Why Big Business May Wind Up Missing Lina Khan
The election results have sparked a palpable sense of anticipation, if not outright salivation, among corporate leaders, predicting a surge in consolidation, particularly in sectors like tech, media, and finance under the incoming administration. This renewed optimism over mergers and acquisitions is fueled by expectations of a pullback of the Biden administration’s vigorous regulatory and legal enforcement of antitrust law.
When it comes to antitrust, C-suite leaders should be careful what they wish for from Donald Trump’s second administration. It might feel more business-friendly until, rapidly and unpredictably, it is not. While some executives have found competition enforcement under Department of Justice Assistant Attorney General Jonathan Kanter and Federal Trade Commission Chair Lina Khan to be threatening, Trump’s governing philosophy demands loyalty and submission to his vagaries. The editor-in-chief of this publication, Paul Glastris, made the point just before the election that Trump’s first-term antitrust impulses were primarily driven by his pique. That kind of mercurial, unpredictable regimen contrasts with the rule-of-law, evidence-based approach Kanter and Khan have taken.

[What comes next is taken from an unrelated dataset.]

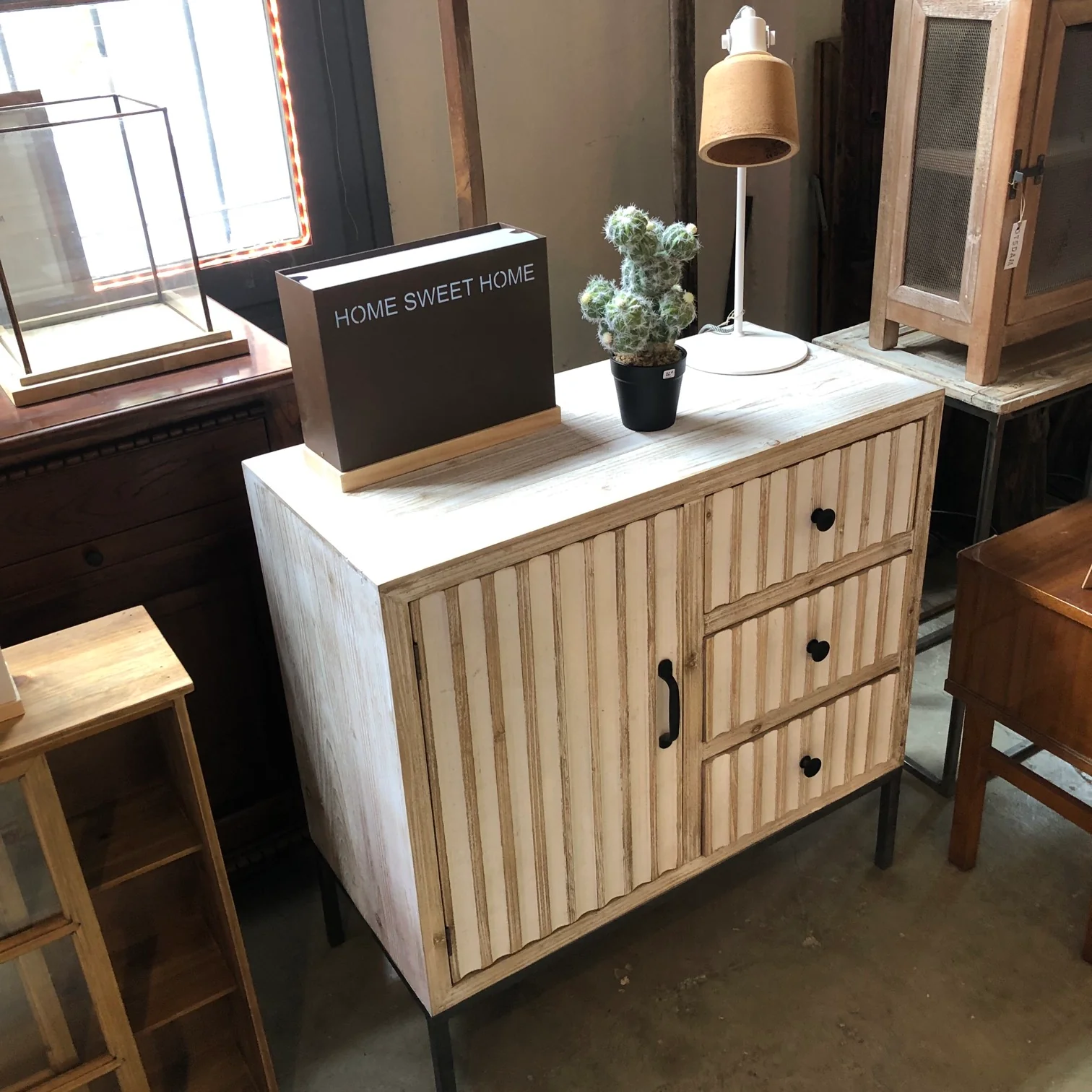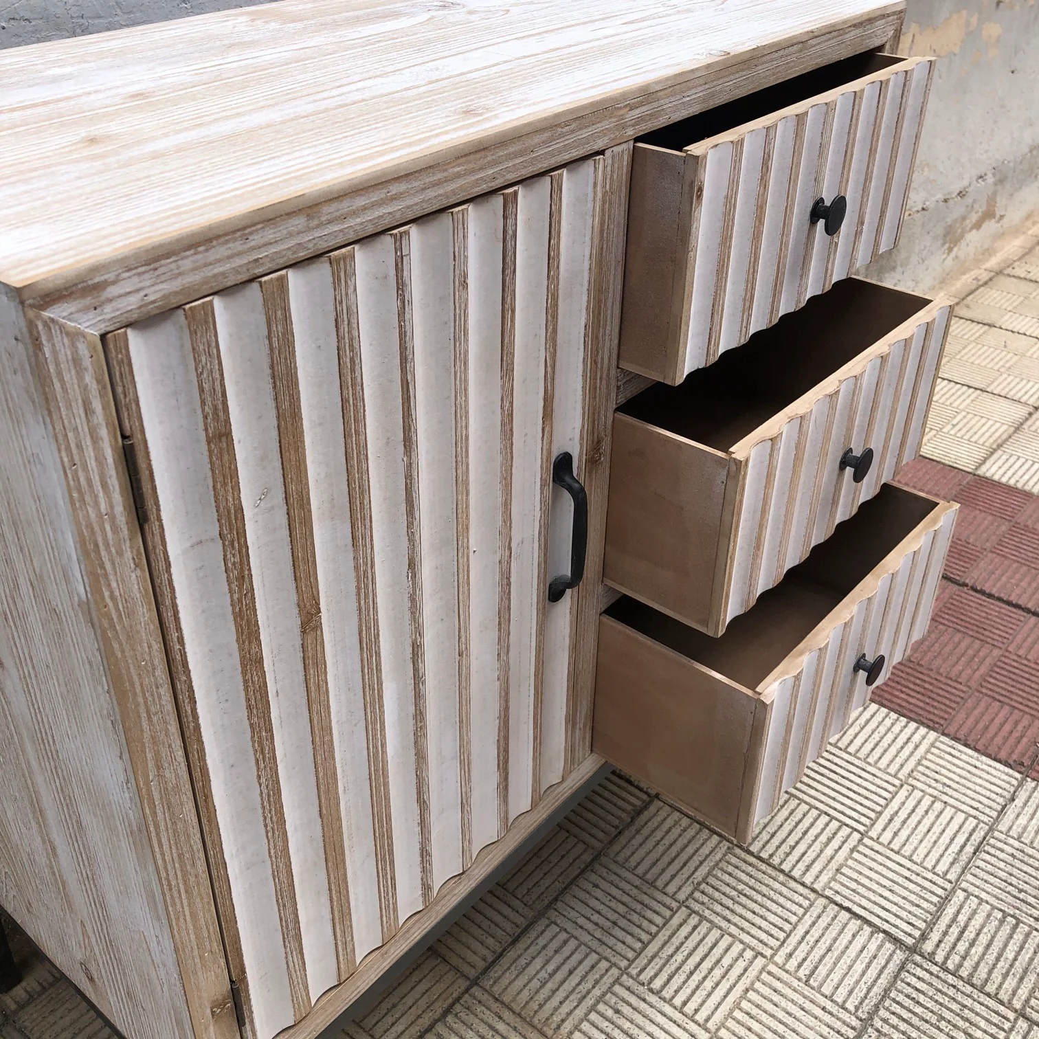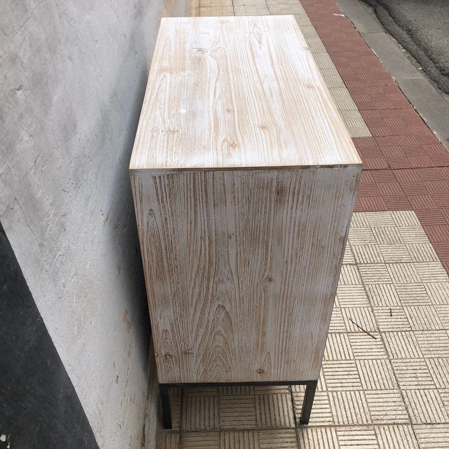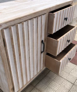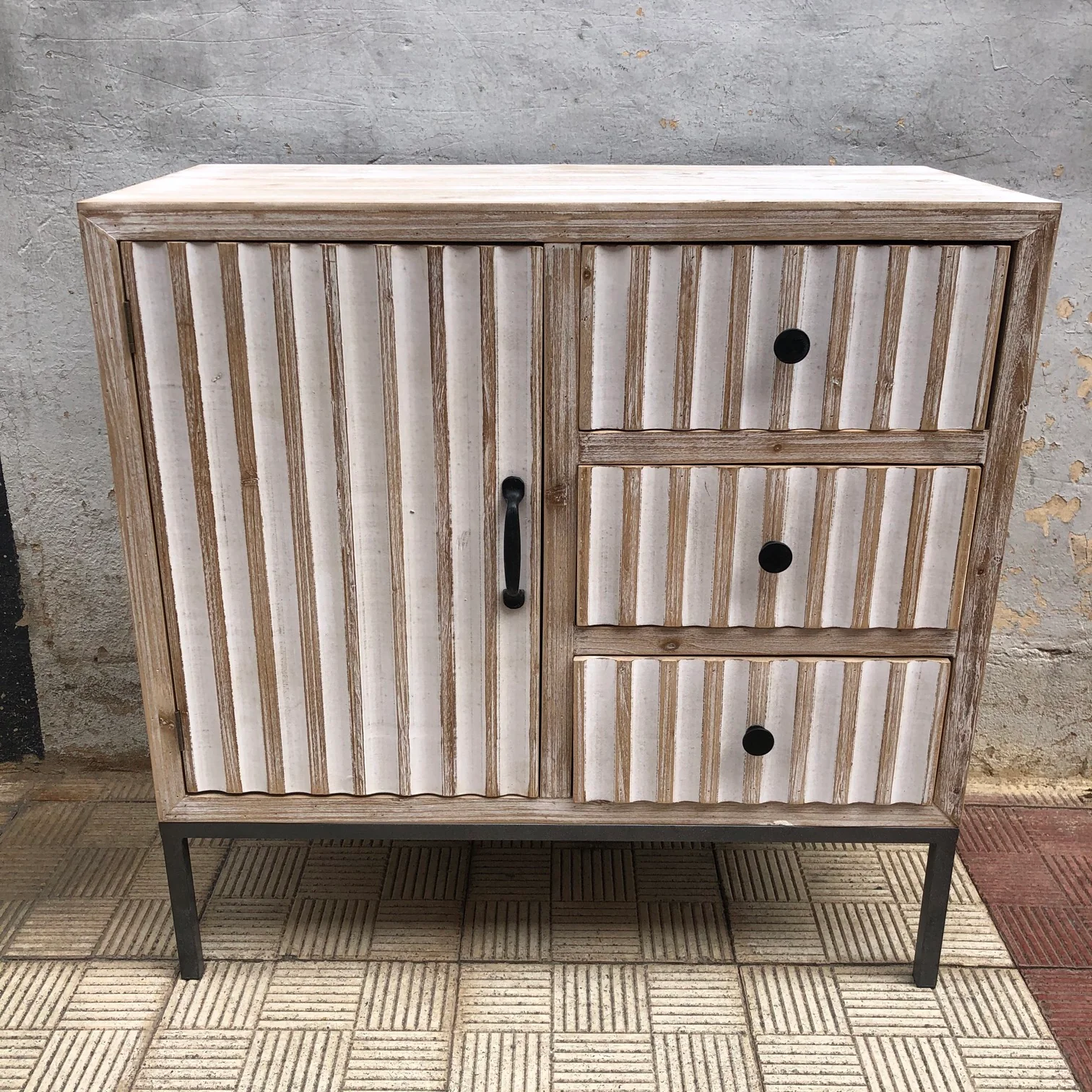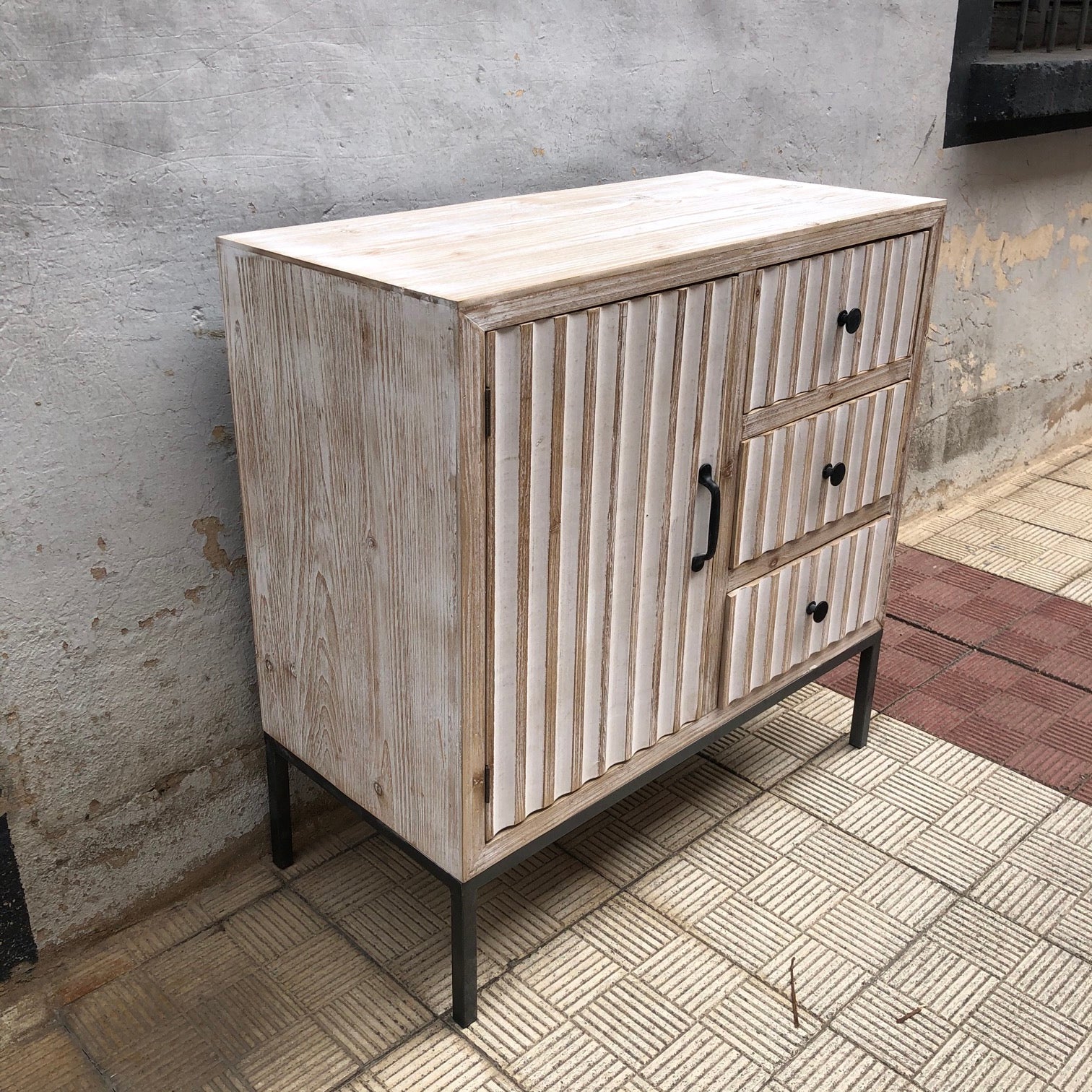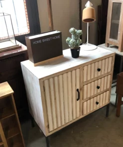 uDESCRIPCION: comoda con tres cajones y puerta de madera. Estructura y patas metálicas

Trump’s second-term appointees could use the federal government’s considerable antitrust powers to literally pick business winners and losers based on political affiliation and personal allegiance. Call it an industrial policy based on temper tantrums. In 2017, Trump’s Department of Justice sued to block AT&T’s acquisition of Time Warner, reportedly at the then-president’s direction, as a punitive move against CNN for what he viewed as unfavorable treatment. Meanwhile, the same DOJ approved The Walt Disney Company’s $71 billion deal for 21st Century Fox, deepening the media consolidation it sought to block with AT&T. What explains the wildly different approach? Trump publicly congratulating News Corporation mogul Rupert Murdoch—whose family received over $2 billion in the deal and a significant stake in the combined company—might indicate a motive. Under Trump, favoritism was rampant across the federal government.

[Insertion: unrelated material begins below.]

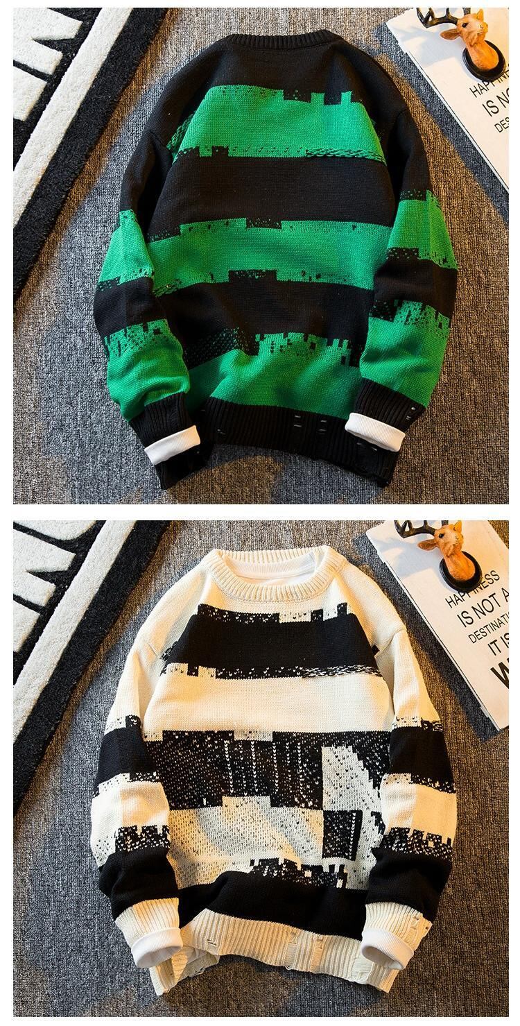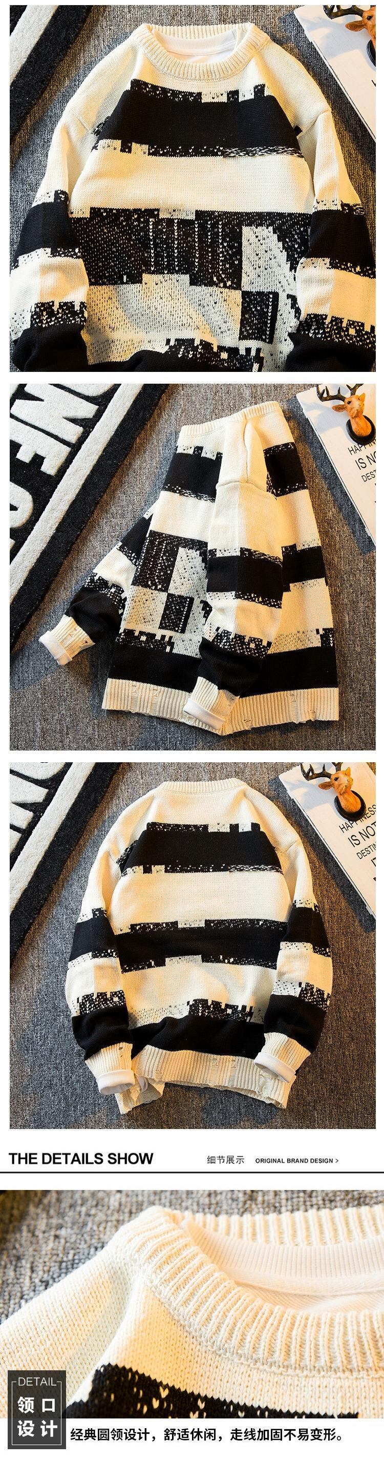 HPCP 全国トレンド不規則な幾何学模様のストライプのセーターメンズ厚くパーソナライズされたトレンディなブランドのハイエンドのレトロなルーズセーター 3381954948419482

This approach—based more on volatility than reason—would hinder the innovation businesses claim to champion. Regulators pursuing penalties without a transparent rationale turn companies defensive. Shifting from a rule-of-law competition policy to a rule-of-one antitrust approach, companies would be less likely to pursue promising technologies or ambitious projects. Innovation demands regulatory stability, not chaos, where businesses fear punitive antitrust measures. And if the presidential transition is any guide, with its ad-hoc appointments, the second Trump term will supercharge the capricious tendencies of his first. The long-term principles set out in the Biden administration’s 2023 Merger Guidelines may have seemed onerous to some CEOs, but the alternative—No Merger Guidelines, Just Rage—may prove less alluring.
History shows fair and honest competition requires predictable rules and impartial enforcers. The post-1981 merger mania unleashed by a decline in antitrust enforcement did not bring economic prosperity. Between 1950 and 1980—the New Deal era—the economy grew, on average, 1.3 points faster than between 1980 and 2016 as concentration expanded and incumbents stifled competition.

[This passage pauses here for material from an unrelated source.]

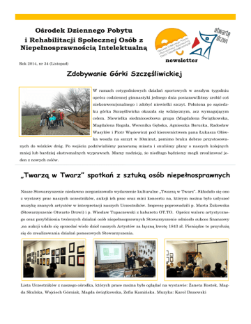 Ośrodek Dziennego Pobytu i Rehabilitacji Społecznej Osób z Niepełnosprawnością Intelektualną newsletter Rok 2014, nr 34 (Listopad) Zdobywanie Górki Szczęśliwickiej W ramach cotygodniowych działań sportowych w zeszłym tygodniu oprócz codziennej gimnastyki jednego dnia postanowiliśmy zrobić coś niekonwencjonalnego i zdobyć niewielki szczyt. Położona po sąsiedzku górka Szczęśliwicka okazała się wdzięcznym, acz wymagającym celem. Niewielka siedmioosobowa grupa (Magdalena Świątkowska, Magdalena Rogala, Weronika Gębska, Agnieszka Borucka, Radosław Wasylów i Piotr Wąsiewicz) pod kierownictwem pana Łukasza Ołówka weszła na szczyt w 30minut, pomimo braku dobrze przystosowanych do wózków dróg. Po wejściu podziwialiśmy panoramę miasta i snuliśmy plany o naszych kolejnych mniej lub bardziej ekstremalnych wyprawach. Mamy nadzieję, że niedługo będziemy mogli zrealizować jeden z nowych celów. „Twarzą w Twarz” spotkań z sztuką osób niepełnosprawnych Nasze Stowarzyszenie niedawno zorganizowało wydarzenie kulturalne „Twarzą w Twarz”. Składało się ono z wystawy prac naszych uczestników, aukcji ich prac oraz mini koncertu na, którym można było usłyszeć muzykę znanych artystów w interpretacji naszych Uczestników. Imprezę poprowadzili p. Marta Żukowska (Stowarzyszenie Otwarte Drzwi) i p. Wiesław Tupaczewski z kabaretu OT.TO. Oprócz waloru artystycznego oraz przybliżenia twórczych działań osób niepełnosprawnych Stowarzyszenie odniosło sukces finansowy ,na aukcji udało się sprzedać wiele dzieł naszych Artystów za łączną kwotę 1843 zł. Pieniądze te przysłużą się do zrealizowania działań pomocowych Stowarzyszenia. Lista Uczestników z naszego ośrodka, których prace można było oglądać na wystawie: Żaneta Rostek, Magda Skulska, Wojciech Górniak, Magda świątkowska, Zofia Kamińska. Muzyka: Karol Danowski Akcja „PoMoc” Nasi Uczestnicy kolejny raz udowadniają, że cięższa sytuacja społeczna nie oznacza, że jest się zwolnionym z pomocy ludziom w równie lub trudniej życiowej sytuacji. Tym razem ochoczo zgłosili się do akcji propagującej wolontariat na rzecz bezdomnych „PoMoc”. Akcja stworzona przez Stowarzyszenie Otwarte Drzwi ma na celu zachęcenie jak największej rzeszy ludzi do działań w dziedzinie streetworkingu z osobami bezdomnymi. Należy pamiętać, że okres zimowy jest najtrudniejszy dla bezdomnych. Mamy nadzieje, że mała cegiełka jaką było rozdawanie ulotek i informowanie o akcji również przyniesie rezultat. Wybraliśmy nową przewodniczącą Rady Społeczności!!! Ostatnio w mediach mówi się wiele o wyborach i o ich wynikach, nasz Ośrodek nie może pozostawać w tyle. Dorzucamy więc do politycznego szumu informacyjnego ważną wiadomość. W ośrodku przy Białobrzeskiej 11 dnia 17.11.14 odbyły się wybory na Przewodniczącego i Zastępcę Przewodniczącego Rady społeczności. Od samego rana w Ośrodku dało się odczuć, jak ważne zadanie czeka każdego z Uczestników. Głosowanie odbyło się bez incydentów. Karty po głosowaniu trafiły na komisyjne liczenie do pokoju pani Kierownik. Po dwukrotnym zliczeniu i sprawdzeniu głosów mogliśmy ogłosić wyniki. Od 17.11.14 Przewodniczącą Rady została pani Żaneta Rostek, zaś jej zastępcą pan Wojciech Górniak. Uczestnicy po odczytaniu złożyli gratulacje nowym władzom i wyrazili nadzieję, że obietnice z kampanii wyborczej uda się szybko wcielić w życie. Kadra zaś życzyła owocnej współpracy i wielkiego hartu ducha, jakim muszą wykazać się osoby na podobnym stanowisku. Jeszcze raz wielkie gratulacje. Tel.: 22 823 65 61 Ul. Białobrzeska 11, 02-379 Warszawa E-mail: [email protected] www.bialobrzeska.otwartedrzwi.pl Ośrodek finansowany przez: Dyżur pani Kierownik: Nasz Ośrodek 00 Wtorek 14 -16 00 Czwartek 1400-1600 tel.: (22) 823-65-61 e-mail: [email protected] kom.: 503-124-497 Marta Skrobacka - kierownik Agata Sobczak - psycholog Marta Chrzanowska - instruktor pracowni gospodarstwa domowego Milena Jaworska - instruktor pracowni plastycznej Sylwia Szostak-Błaszczak - instruktor pracowni rękodzielniczej Łukasz Ołówek - instruktor pracowni komputerowej Jakub Grotowski - asystent osoby niepełnosprawnej Pamiętajmy o wsparciu Organizacji Pożytku Publicznego! Każda przekazana kwota przyczyni się do aktywnego działania na rzecz osób wykluczonych. Bank Pekao SA 77 1240 6074 1111 0010 3072 2313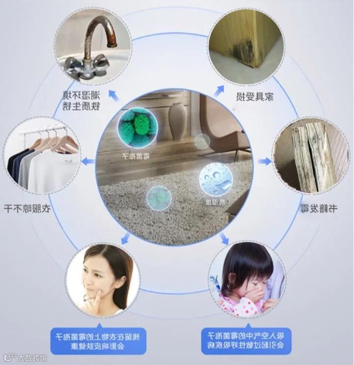 当环境湿度大于60%时,霉菌即可生长;湿度大于85%时,霉菌孢子大量滋生,通常导致衣服晾不干、地面积水、墙壁发霉、铁质生锈等现象。

Trump rode a wave of frustration and anger to victory in part over an economy in which entrenched monopolies set the rules for everyone else. While Vice President-elect J.D. Vance has voiced support for a vigorous antitrust policy and has even had some kind words about Khan, it’s still hard to imagine Trump 47’s antitrust approach being impartial and serving the public interest like the current FTC chair. Just ask yourself the odds of Trump loyalists tackling corporate interests that have supported Republicans, such as the oil and gas industry, in the same way that Khan and Kanter were willing to go after firms atop the Democratic-leaning world of Silicon Valley.
Business leaders should realize that selective, politically motivated lawsuits won’t stem widespread anti-corporate sentiment across traditional party lines. Quite the opposite. Consumers may soon find themselves facing fewer product offerings at higher costs. Workers will lose the protection the FTC provides when they are compelled to sign noncompetes, which limit their wages and opportunities. In the end, businesses may well have underpriced the value of a stable operating environment that rewards competition rather than submission.